# help remove stuck starter



## panopb13 (Dec 9, 2007)

hello everyone i was trying to replace my starter today but im having a difficult time removing it from the transmission ive remove the two bolts thats holding it, do any of you guys have a trick or a method of prying the starter loose? really appreciate any suggestions thanks


----------



## trace_busta (Feb 2, 2008)

take it to a mechanic.

your starter isn't connected to the transmission, its connected to the flywheel/flexplate.

i've taken starters off fords and buicks, never a nissan but, they had more than two bolts.

don't forget to remove your wires, and the ground from your battery.

check for more bolts. in the buick I had there were two bolts vertically and one horizontallly.

if you're still stumped call a nissan dealership, they'll be able to help you since they have nissan trained techs.


----------



## fleck (Jan 12, 2007)

there's definitely only 2 bolts in the b13 starter, one going one way and one going the other if i remember correctly, and the starter should definitely fall right off after it's been unbolted. the only part i had trouble with was getting it back in, which i had to separate the wire that says 'do not cut' lol... well, i had to cut it for the new one to go in. no big deal tho just a looser wire than factory.


----------



## i r teh noobz (Apr 26, 2007)

The starters are different for each motor/tranny combo. Mine is a 1.6L auto.

The starter has two bolts and one heavy gauge wire from the battery. There is also a plug on the solenoid that needs unhooked. The starter should come out without a fight, but you may have to lift it up a little to make sure it's level. I took out mine from the top, but had to look from underneath to figure out how to unhook everything.


----------



## IanH (Feb 11, 2003)

I suspect you have undone one of the Engine to transmission bolts instead of the starter bolt.
As said above there is one bolt facing the battery and one facing the engine.
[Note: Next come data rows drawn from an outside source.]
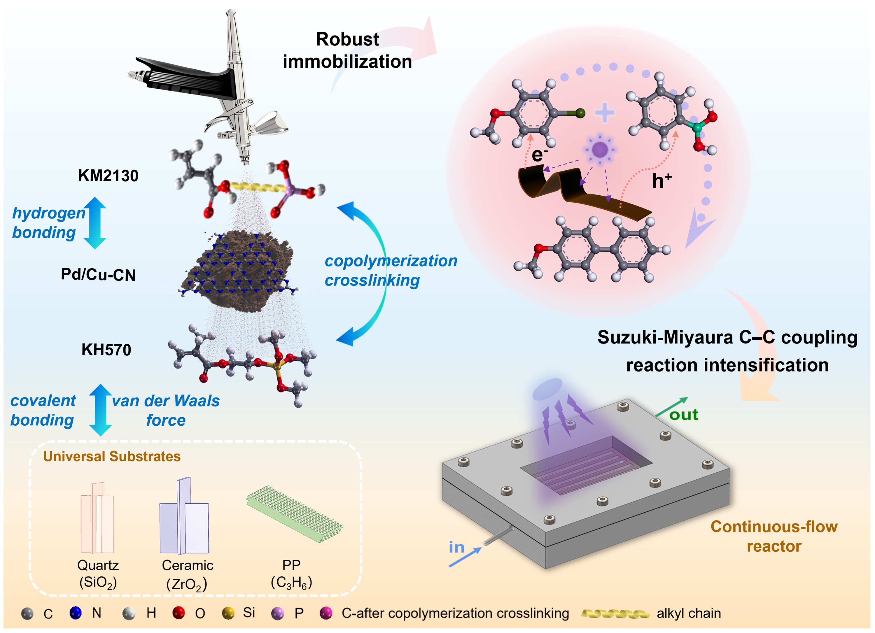 机制研究表明,该FCC涂层通过精巧的分子级设计,协同整合了氢键、共价交联以及界面锚定(共价键/范德华力)等多种相互作用力。这一“三重界面”机制使得Pd/Cu-CN光催化剂能够在极其温和的条件下,牢固附着于石英、陶瓷甚至聚丙烯(PP)塑料等多种材质表面,展现出极其优异的基材普适性。团队进一步将该固载技术与连续流微通道反应器深度融合。在优化光学与流体动力学参数后,该系统在经典的Suzuki-Miyaura C-C偶联反应中展现出颠覆性的催化效能:
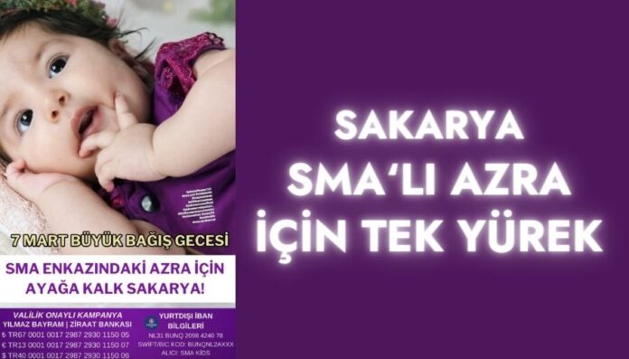 Sakarya’da faaliyet gösteren sivil toplum örgütleri, iş insanları ve hayırseverler, depremden sonra dünyaya gelen ve 13 günlükken Spinal Musküler Atrofi (SMA) hastalığı teşhisi konulan Azra için 7 Mart 2024 Perşembe günü saat 19.00’da Serdivan Belediyesi Kongre ve Kültür Merkezi’nde büyük bir bağış gecesi düzenliyor.
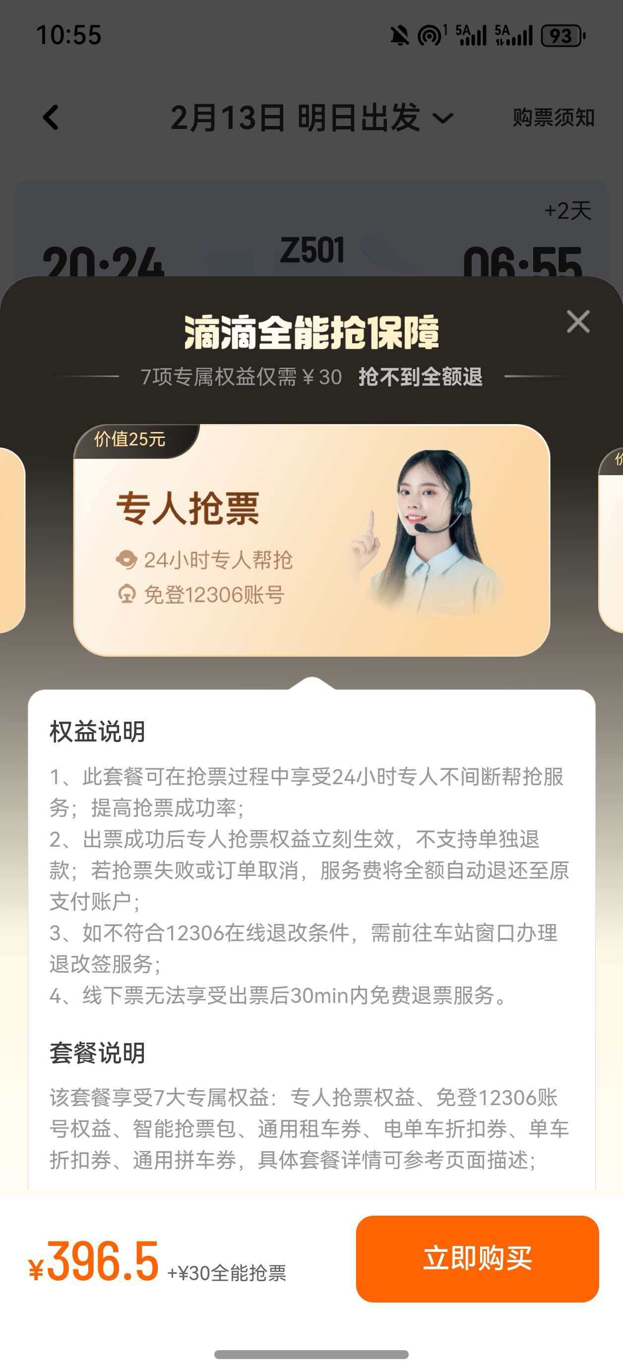 而一些平台所声称的“极速加速”也并不提速。在列车车票售罄后,第三方抢票平台仍声称可为消费者提供10元到50元不等的各种“加速包”,对应200M至1000M不等的“带宽”,声称购买“加速包”后抢票速度更快、成功率更高。事实上在该车次车票售罄的情形下已无票可抢,第三方抢票平台也并未实施抢票行为,根本无法达到加速效果。
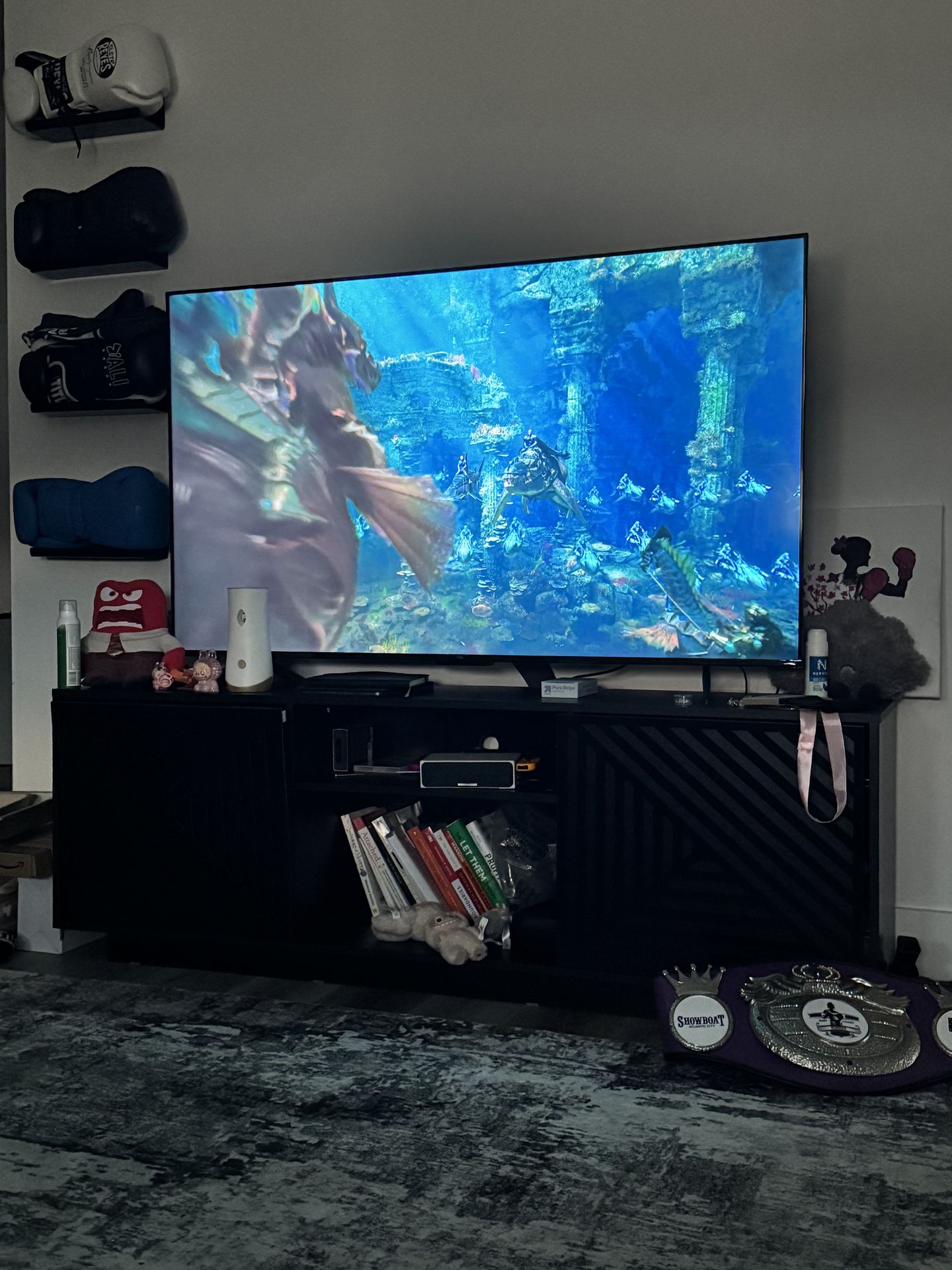 Modern 70” TV Stand for Living Room or Bedroom, Entertainment Center with Two Cabinets and Storage, Black TV Stand with Cable Management fits Screens up to 70" When Measured Diagonally, Black Purchased from Amazon lightly used it looks brand new and comes put together. Only one year old
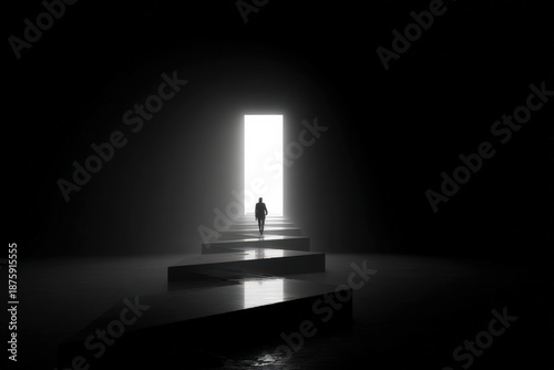 Person walks towards light at the end of a dark corridor in a minimalist space
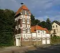 Вход на территорию старого здания железнодорожной станции города. Памятник архитектуры c 1984 года. Коттедж стиля фахверк с использованием природного камня.
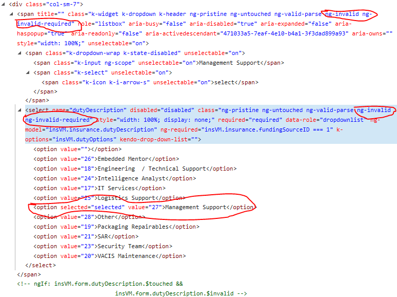 Below is a sample of the markup and controller code, and attached are screenshots that show what is in the DOM when loading fails and succeeds. Note in the screenshots how in the failed view option value 27 (the pre-existing value) is marked as selected, while in the success screenshot, value 29, the pre-existing value is not a selected option value. I have seen this symptom repeatedly when examining the output when this condition occurs. In the UI screenshot, the "Description of Duties" label is showing an error style, despite the fact that the DDL is displaying the correct value.

And they are difficult to see, then it just falls out.
IF it is stuck a gentle tap with a hammer handle should be enough, don't go levering anything, it not tight.


----------



## greenbean699 (Jan 18, 2004)

trace_busta.....what are you doing on this server???........take it to a mechanic????? lmfao


----------



## panopb13 (Dec 9, 2007)

thanks a lot fellas and you guys were right i did remove two bolts from the same side i guess i'll try again thanks for the help


----------



## IanH (Feb 11, 2003)

Let us know what you find.
Good Luck................


----------